HonoreDB comments on Formalizing Value Extrapolation

HonoreDB 26 Apr 2012 3:59 UTC
3 points
I’m slightly worried that even formally specifying an “idealized and unbounded computer” will turn out to be Oracle-AI-complete. We don’t need to worry about it converting something valuable into computronium, but we do need to ensure that it interacts with the simulated human(s) in a friendly way. We need to ensure that it doesn’t modify the human to simplify the process of explaining something. The simulated human needs to be able to control what kinds of minds the computer creates in the process of thinking (we may not care, but the human would). And the computer should certainly not hack its way out of the hypothetical via being thought about by the FAI.

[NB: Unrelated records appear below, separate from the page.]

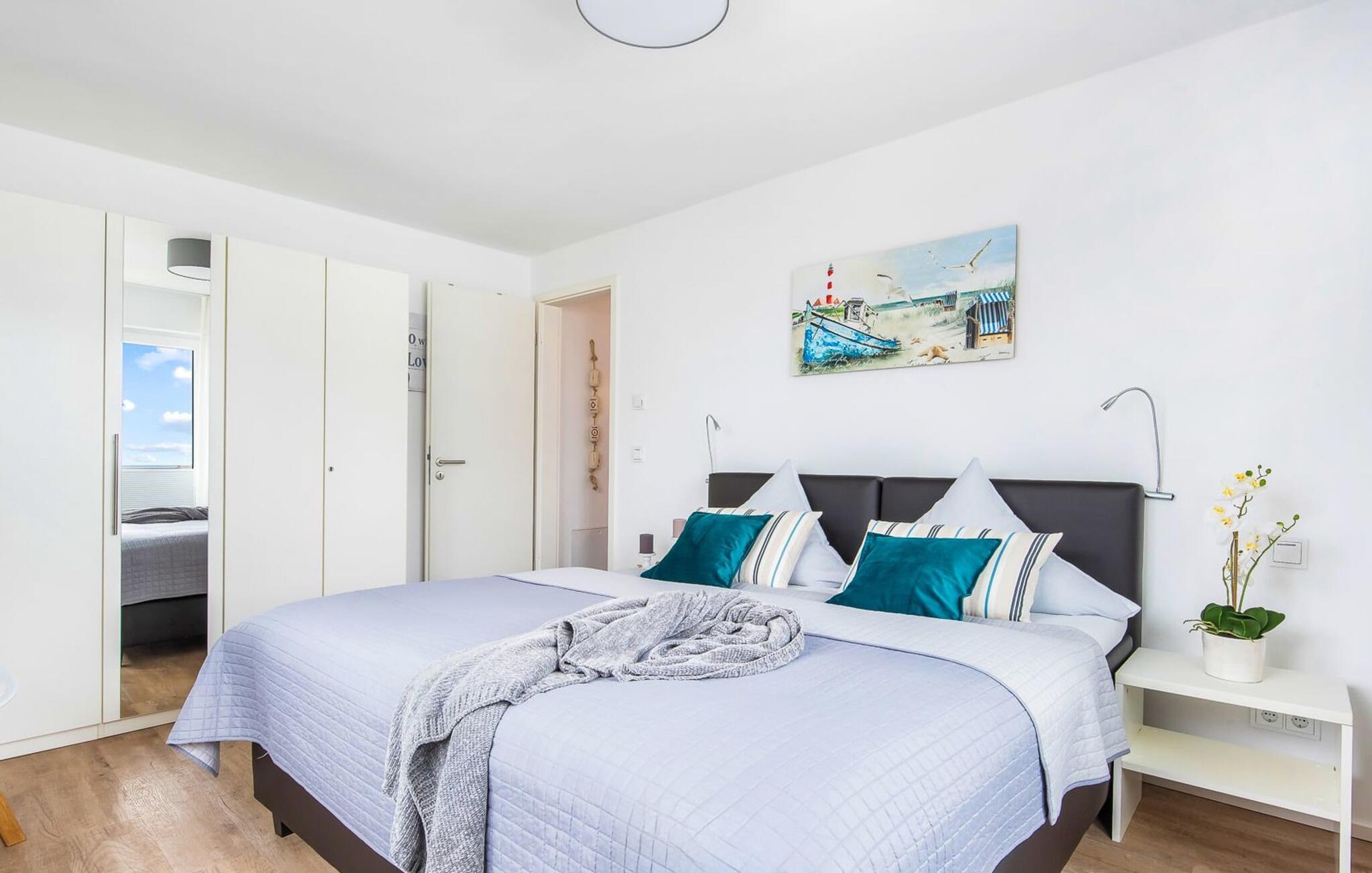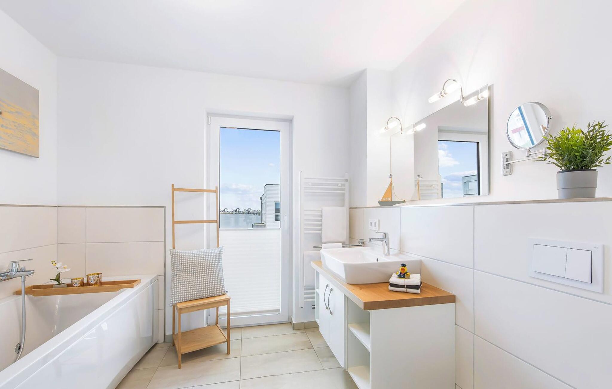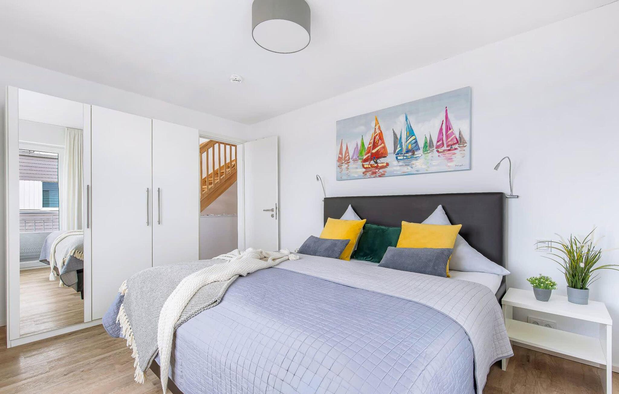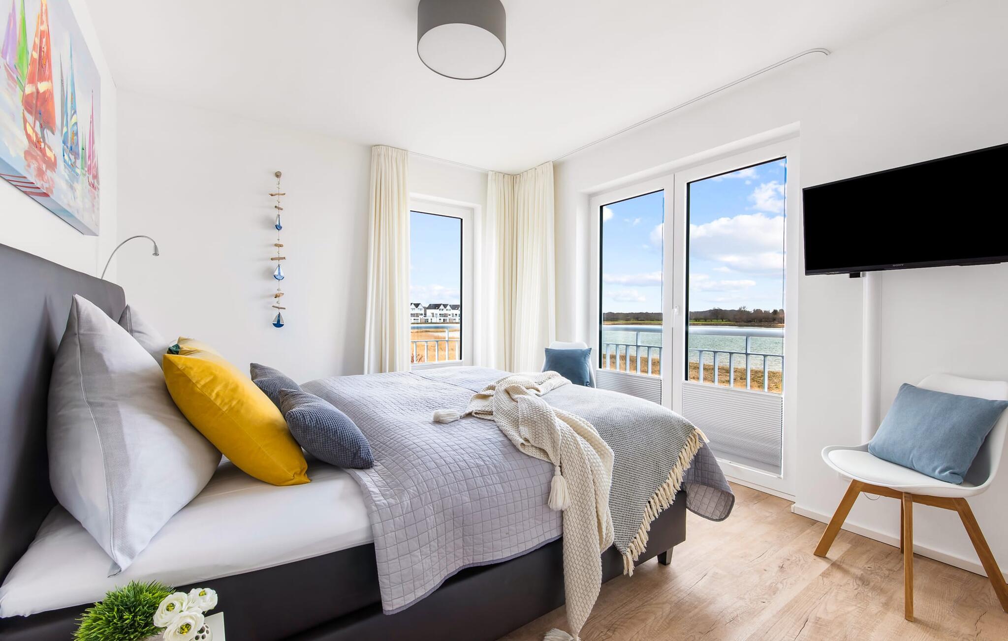 Im ersten Obergeschoss befindet sich der Ruhebereich. Hier bieten zwei Schlafzimmer ausreichend Platz zum Energietanken. Im Hauptschlafzimmer mit direktem Schleiblick ist Aufwachen und Einschlafen vor Traum-Kulisse angesagt. Ein weiteres Schlafzimmer ermöglicht den Blick über die Straße auf den Segel- und Sportboothafen des OstseeResorts. Ebenfalls auf dieser Ebene befindet sich ein Vollbad mit Dusche und Relax-Whirlwanne für das private Wellness Programm.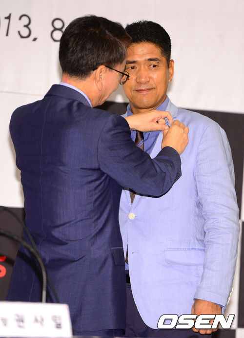 5일 오전 경기도 수원 라마다 프라자 호텔 3층 그랜드볼룸에서 열린 수원 KT wiz 조범현 초대 감독의 기자회견에서 조범현 감독이 KT 배찌를 달고 있다.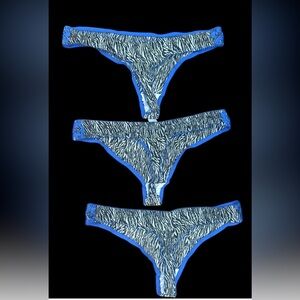 Bundle of 3 Zebra Print Women's thong Panties with Blue Accents plus size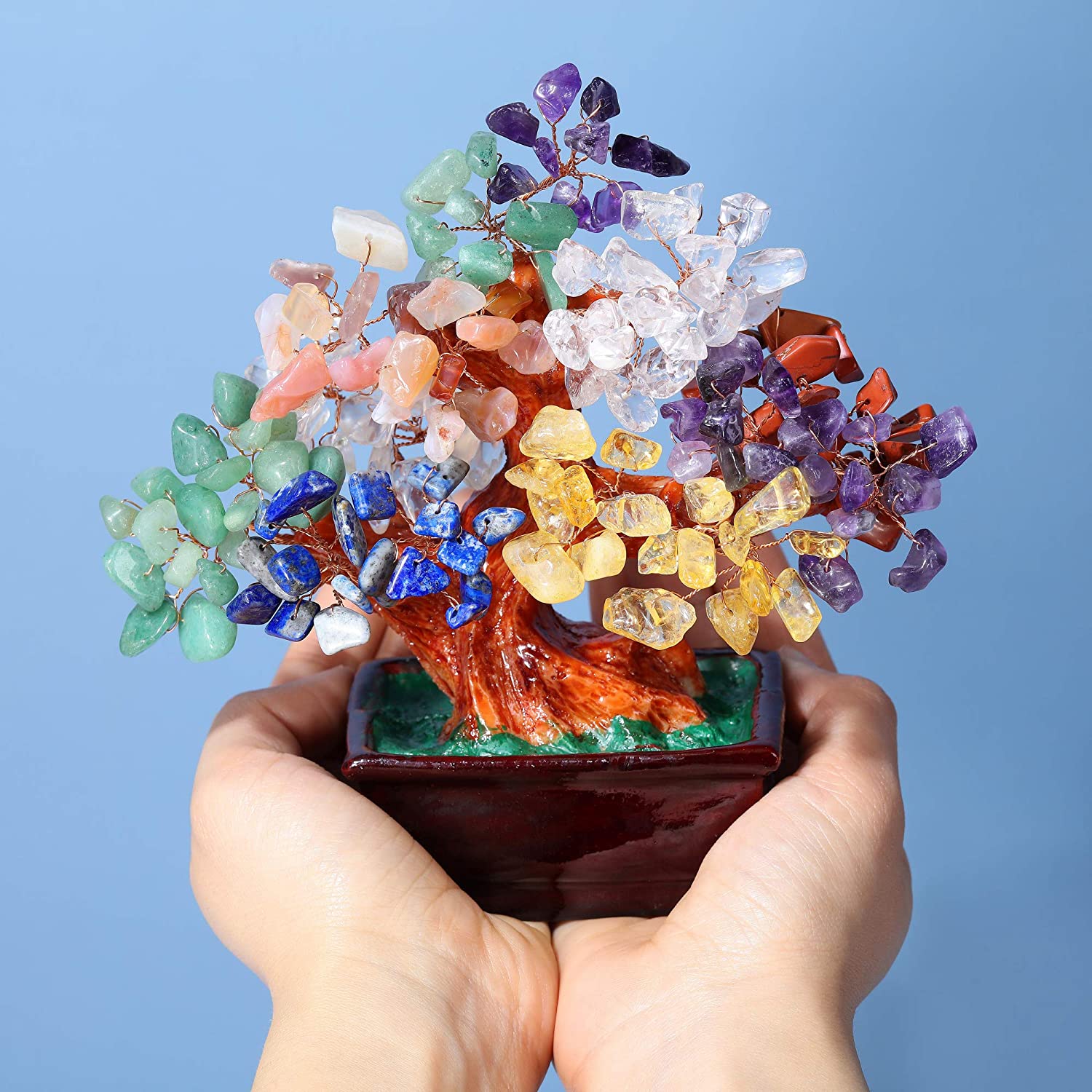 Jovivi Natural 7 Chakra Gemstone Crystal Tree Resin Base Bonsai Feng Shui decorations for prosperity and Luck, is a great way to bring positive energy and Feng Shui balance into your home. This beautiful Chakra Crystal Tree features 7 chakras with gemstones for each one and a resin base for a realistic look. The crystals and gemstones are said to enhance healing energies and focus energies in positive ways. Plus, the gemstones are incredibly powerful and protective, with high spiritual vibration that can guard against psychic attack.

- paulfchristiano 26 Apr 2012 5:06 UTC
  9 points
  Parent
  We are trying to formally specify the input-output behavior of an idealized computer, running some simple program. The mathematical definition of a Turing machine with an input tape would suffice, as would a formal specification of a version of Python running with unlimited memory.
  - HonoreDB 26 Apr 2012 15:32 UTC
    3 points
    Parent
    Okay, I see that that’s what you’re saying. The assumption then (which seems reasonable but needs to be proven?) is that the simulated humans, given infinite resources, would either solve Oracle AI [edit: without accidentally creating uFAI first, I mean] or just learn how to do stuff like create universes themselves.
    
    There is still the issue that a hypothetical human with access to infinite computing power would not want to create or observe hellworlds. We here in the real world don’t care, but the hypothetical human would. So I don’t think your specific idea for brute-force creating an Earth simulation would work, because no moral human would do it.